EXPLAINER: Japan begins vaccination drive, but why so late?
TOKYO (AP) — Japan rolls out its COVID-19 vaccination campaign Wednesday after the government gave belated first approval to a shot co-developed by Pfizer Inc. that the U.S. and many other countries started using two months ago.
Some in Japan, where relatively rare side effects from vaccines tend to be played up, are in no hurry to get the shot. That reluctance could prove to be a big problem for the Tokyo Olympics scheduled for this summer after a year’s delay. Vaccinations are considered a key to holding the games.
With domestic vaccine development still in its early stages, import-reliant Japan faces uncertainty in its supply. It’s also unclear if the already-strained Japanese health care system will be able to treat the extra visitors during the games as they juggle local patients and the mass inoculations.
The AP looks at why Japan, the world’s third-biggest economy, is so late in pursuing coronavirus vaccinations.
WHY THE DELAY?
It’s mostly because the government asked for clinical testing in Japan in addition to Pfizer’s multinational tests, which did not include Japan.

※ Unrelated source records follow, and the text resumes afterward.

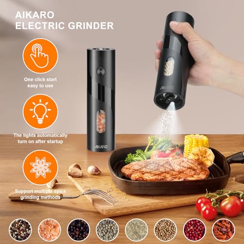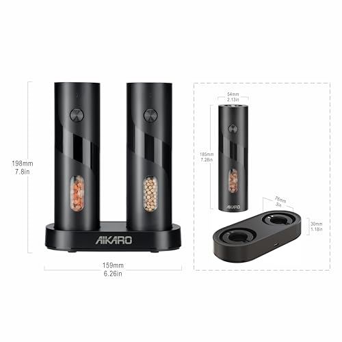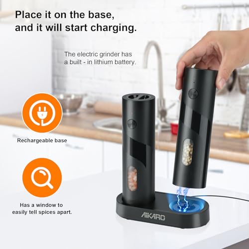 AIKARO - مطحنة ملح وفلفل كهربائية اوتوماتيكية قابلة لاعادة الشحن من ايكارو (مجموعة القاعدة)
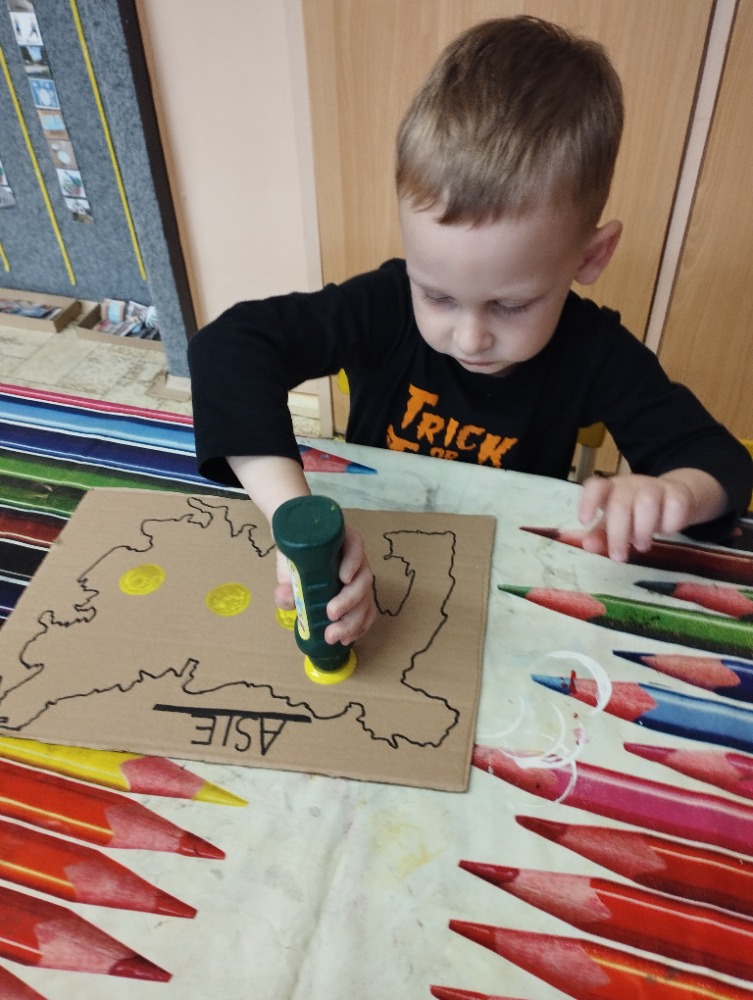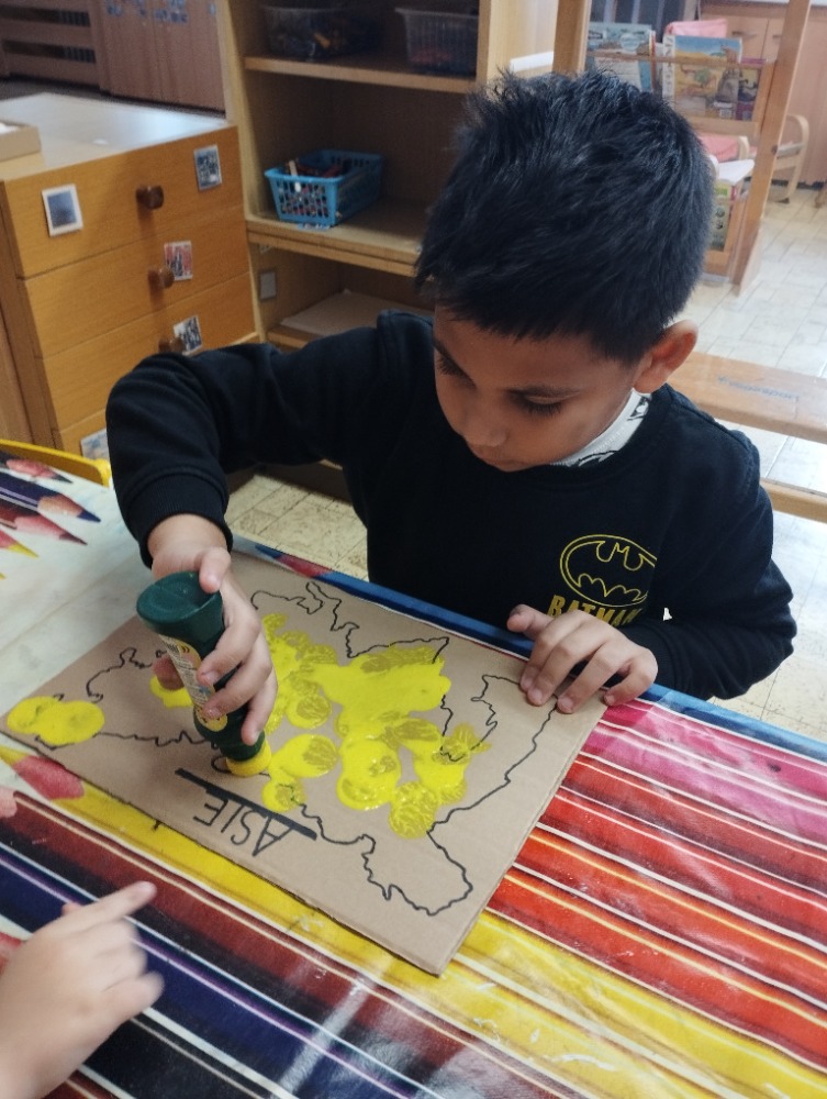 S dětmi jsme se vydali po stopách Asie. Ukázali jsme si na mapě a taky na glóbusu , kde leží Asie, Čína, Japonsko, Indie a Mongolsko. Děti postavily Velkou Čínskou zeď a také ji zbouraly 😊 , vyrobily si vějíř, vyzkoušely se najíst čínskými hůlkami, ochutnaly čínský čaj, hledaly zvířátka v rýži a spoustu dalších činností u kterých poznávaly kulturu této Země.
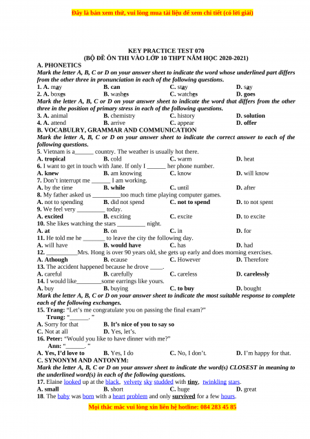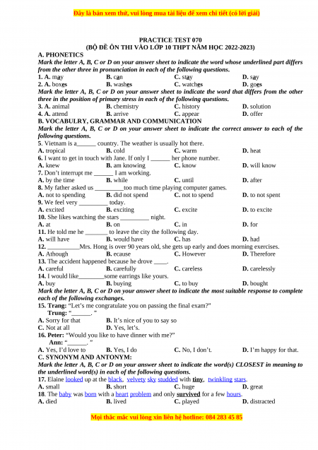 (BỘ ĐỀ ÔN THI VÀO LỚP 10 THPT NĂM HỌC 2022-2023) A. PHONETICS
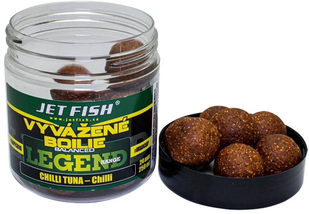 Vyvážené boilies od firmy Jet Fish v produktové řadě Legend Range v příchutí Chilli Tuna, je určené pro chytání opatrných a velkých kaprů.
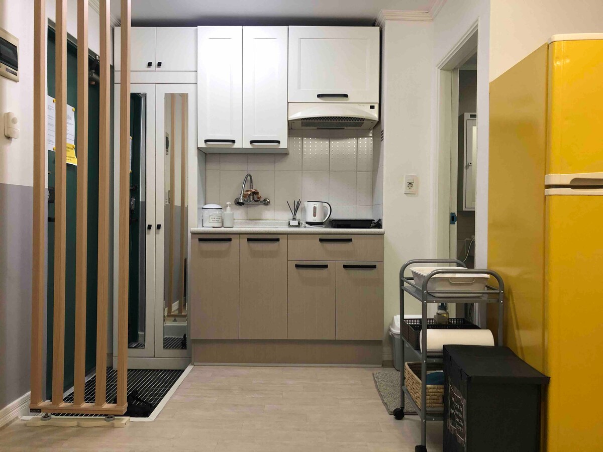 🌿 Pozdravljeni, sem Stayhaeon. To je senzacionalna nastanitev, ki se nahaja v središču Univerze Busan, 5 minut hoje od postaje podzemne železnice in 25 minut vožnje z avtomobilom od letališča Gimhae in postaje Busan. 🚇✈️ Tradicionalno korejsko občutljivost in sodobno vzdušje lahko občutite skupaj s harmonijo pohištva Hanok in sodobnega pohištva. 🌸 Na terasi z umetno travo lahko uživate v opremi za kampiranje in žaru, ko uporabljate ločeno storitev, lahko pa uživate tudi v majhnem kampiranju v mestu. 🌙🏕️ Kuhinja je opremljena z jedilnim priborom, osnovnimi začimbami, kuhalnikom za riž, opekačem kruha, mikrovalovno pečico in aparatom za kavo za enostavno kuhanje. 🍳☕️ V dnevni sobi in spalnici so namizne igre (kot je LumiCube), Netflix, wavve in TV sprejemniki ter zvočniki Bluetooth, da boste lahko preživeli sproščujoč čas. 🎵 Priporočljivo je za družinska potovanja, saj lahko bivate varno in udobno z dojenčkom z👶🏻 nizko vzmetnico. Ustvarite posebne spomine s prijatelji, ljubitelji in družino v tej nastanitvi, ki je od najbolj priljubljenih točk Pusan National University oddaljena peš. ✨
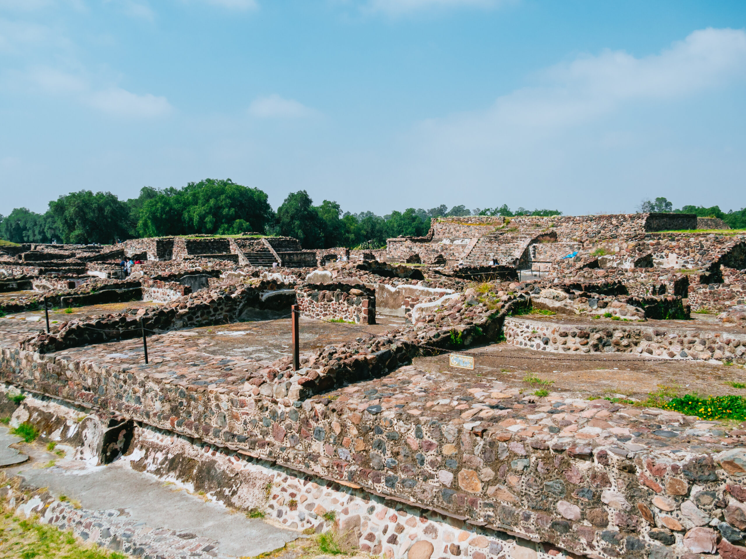 向かって左側のケツァルパパロトル宮殿付近に登れるところがあるので、そこから撮ると全体像を収めることができます。
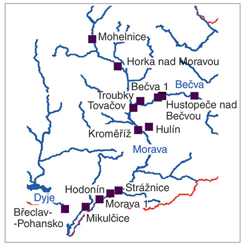 Mapa zdrojů doposud zpracovaných subfosilních kmenů dubů. Orig. J. Kyncl
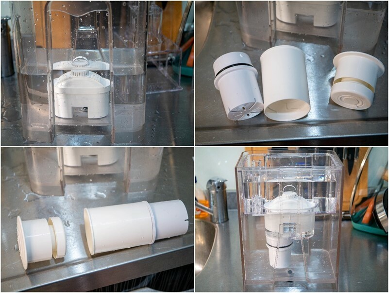 水箱主要有兩個區塊,分別為過濾前後的水,中間則是安裝濾心的位置

Dozens of countries accepted the results of the Pfizer tests released in November and moved ahead. Pfizer applied for emergency approval in Japan in December, based on the overseas data, but Tokyo waited for results of Japanese tests submitted in late January before giving a green light on Sunday.
This all happened in two months, much faster that the one-year average that is usual for Japan, known for being cautious and bogged down in bureaucracy.
The approval process for another supplier, AstraZeneca, only started recently, while a third, Moderna Inc. hasn’t applied yet in Japan.
WHY DID JAPAN ASK FOR MORE DATA?
People in Japan are often skeptical about vaccines, and officials felt they needed to address safety concerns thoroughly.
Health Minister Norihisa Tamura said last week that Asians comprised “only a small percent” of Pfizer tests, which were conducted from July to November on about 44,000 people in six countries.
Even so, that means the data included samples of about 2,000 Asians. Some critics are questioning whether the additional tests on only 160 Japanese people added anything — except more delay.
Taro Kono, administrative reform minister for vaccinations, defended the delay. “It was more important for the government to show the Japanese people that everything was done” to encourage taking the vaccines, he said.
WHY IS CONFIDENCE SO LOW IN JAPAN?
Japan’s mistrust of vaccines is decades old. Many people have a vague unease about vaccines, partly because their side effects have often been played up.
In the 1990s, the government scrapped mandatory vaccinations after a court ruling held it responsible for side effects linked to several of them.
More recently, Japan stopped recommending the human papillomavirus, or HPV, vaccine after media reports of alleged side effects, renewing worries despite the vaccine’s widespread use overseas as safe and effective protection for cervical cancer.
A recent Mainichi newspaper survey showed that fewer than 40% of the respondents are eager to get their coronavirus shots right away, while about 60% said they will wait and see.
WHAT IS JAPAN’S VACCINATION TIMELINE?
About 40,000 front-line medical workers treating COVID-19 patients are slated to get their first shots of the Pfizer vaccine at 100 hospitals. Half of them will participate in a survey of side effects and subsequent health checks to try to ease public safety concern.
About 3.7 million other medical workers will be next. The elderly are expected to get their turn in April, ahead of those with underlying health issues.
It will be about June by the time those older than 16 will be eligible.
DOES JAPAN HAVE ENOUGH VACCINE?
Despite its late start, Japan was quick to strike deals with Pfizer and two other companies, AstraZeneca and Moderna, in July when the vaccines were still being developed.
Japan has secured 344 million doses, enough to cover its entire population, through the end of this year. That includes 144 million doses from Pfizer, 120 million from AstraZeneca and 50 million from Moderna.
Japan pledged to secure doses for its entire population by June, but the prospects are unsure amid shortages in Europe where much of Pfizer and AstraZeneca supplies are produced.
Taro Kono, the minister in charge of vaccinations, on Tuesday described the prospects of getting the vaccines in time as “difficult.” Though he expressed optimism, he said supplies from Europe will determine the progress of the campaign in Japan.
IS JAPAN DEVELOPING ITS OWN VACCINES?
Several Japanese companies and research organizations are developing coronavirus vaccines, but they are in the early stages.
Takeda Pharmaceutical Co. will distribute the Moderna vaccine and produce the Novavax vaccine at home, and JCR Pharmaceuticals Co. will produce the AstraZeneca vaccine under a licensing deal.
Only AstraZeneca is currently in the approval process.
Experts say vaccine development in Japan has become an unpopular research area because of risks, the time-consuming process and a lack of government funding.
Shigeru Omi, the head of the government coronavirus task force, has cited a lack of global competitiveness by Japanese pharmaceutical companies as a reason for the delayed rollout.